This guide explains how to evaluate XAI attribution methods using xaitimesynth's metrics module. The metrics compare attribution values against ground truth feature masks to quantify how well an explainer identifies the true discriminative regions.

Available Metrics

Relevance Mass Accuracy (RMA)

  • What it measures: Fraction of total attribution "mass" that falls inside the ground truth region.
  • Formula: sum(attr[mask]) / sum(attr)
  • Range: [0, 1], higher is better
  • Use when: You want to know if high attributions concentrate on the true features.
score = relevance_mass_accuracy(attributions, dataset)

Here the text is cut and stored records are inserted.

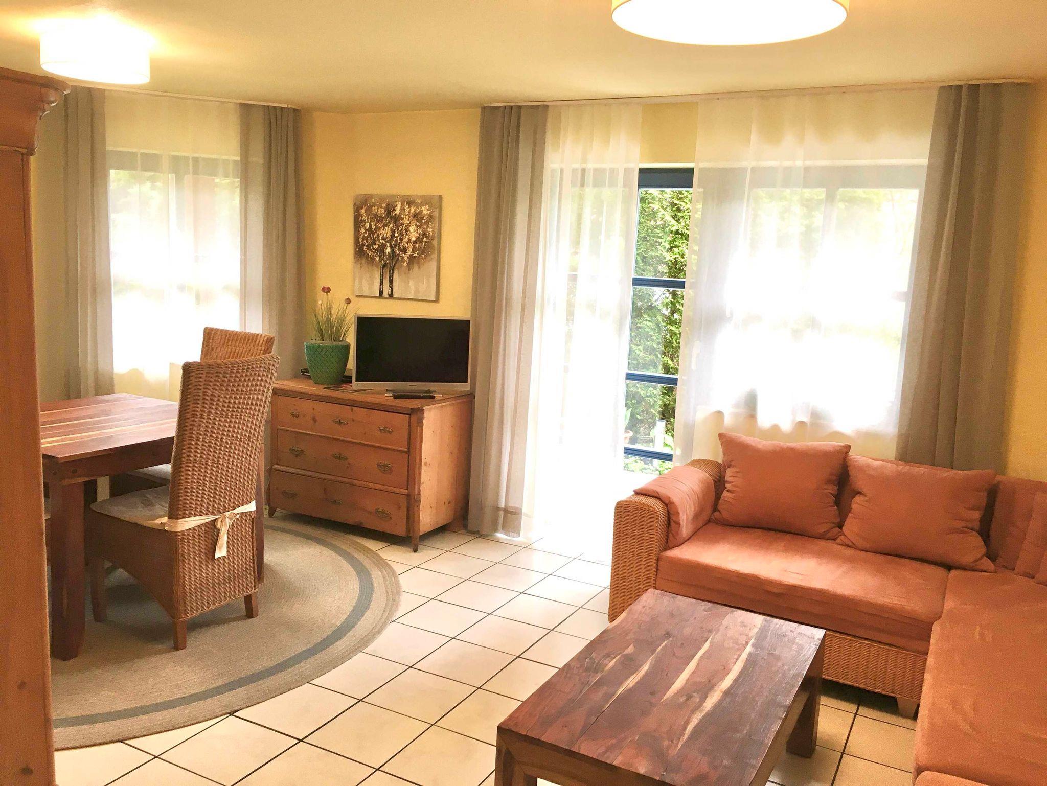 Diese Ferienwohnung im Parterre mit Terasse verfügt auf 69 m² über 2 Schlafräume (4 Betten) sowie eine Schlafcouch im Wohnbereich, Dusche, WC, Fön, Flachbild-TV, Stereoanlage/CD, DVD und WLAN. Die separate Küche ist sehr gut ausgestattet mit Kühlschrank,Geschirrspüler, Cerankochfeld, Backofen, Mikro, Kaffeemaschine, Toster. Dusche/WC mit Waschmaschine. Die Wohnung hat Südausrichtung und ist für bis zu 5 Personen geeignet.
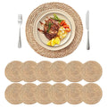 4/8/12pcs Round Woven Placemats Set Boho Rattan Placemat Natural Placemats 12Inch Farmhouse Weave Straw Braided Table Dinner Mat
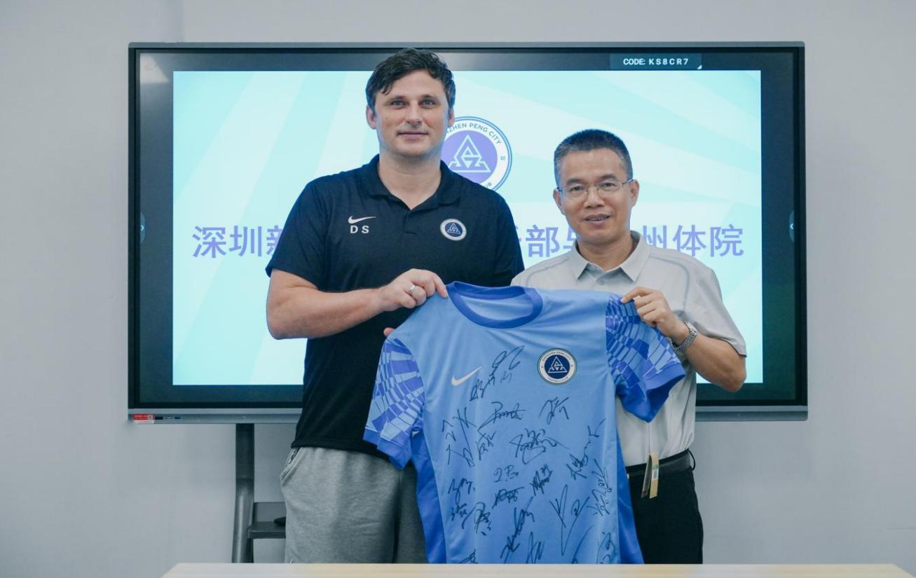 深圳新鹏城足球俱乐部体育总监丹尼尔·施坦茨(Daniel Stenz)同志强调,俱乐部秉承本土化的发展方针,通过完善青少年足球梯队建设、吸纳本地优秀球员、深耕社区足球文化,逐步塑造一支具有深圳特色的球队。同时,俱乐部从全局出发,系统性地抓好训练工作,统筹体能储备、技术细节、战术体系与心理建设,形成科学、完整、可持续的竞技提升闭环。与广州体育学校的校企合作标志着俱乐部发展质的飞跃,更期望通过此合作引进高水平运动员,为俱乐部的发展贡献力量。

Relevance Rank Accuracy (RRA)

  • What it measures: Fraction of the top-K attributed timesteps that fall inside the ground truth (where K = size of ground truth region).
  • Range: [0, 1], higher is better
  • Use when: You care about whether the highest-ranked attributions are correct.
score = relevance_rank_accuracy(attributions, dataset)

Pointing Game

  • What it measures: Whether the single highest attribution falls inside the ground truth.
  • Range: 0 or 1 per sample (aggregated score in [0, 1])
  • Use when: You want a simple binary check of the maximum attribution location.
score = pointing_game(attributions, dataset)

AUC-ROC

  • What it measures: Area under the ROC curve, treating attribution values as predictions and the mask as ground truth.
  • Range: [0, 1], 0.5 = random, 1.0 = perfect
  • Use when: You want a threshold-independent ranking metric.
# Standard AUC-ROC
score = auc_roc_score(attributions, dataset)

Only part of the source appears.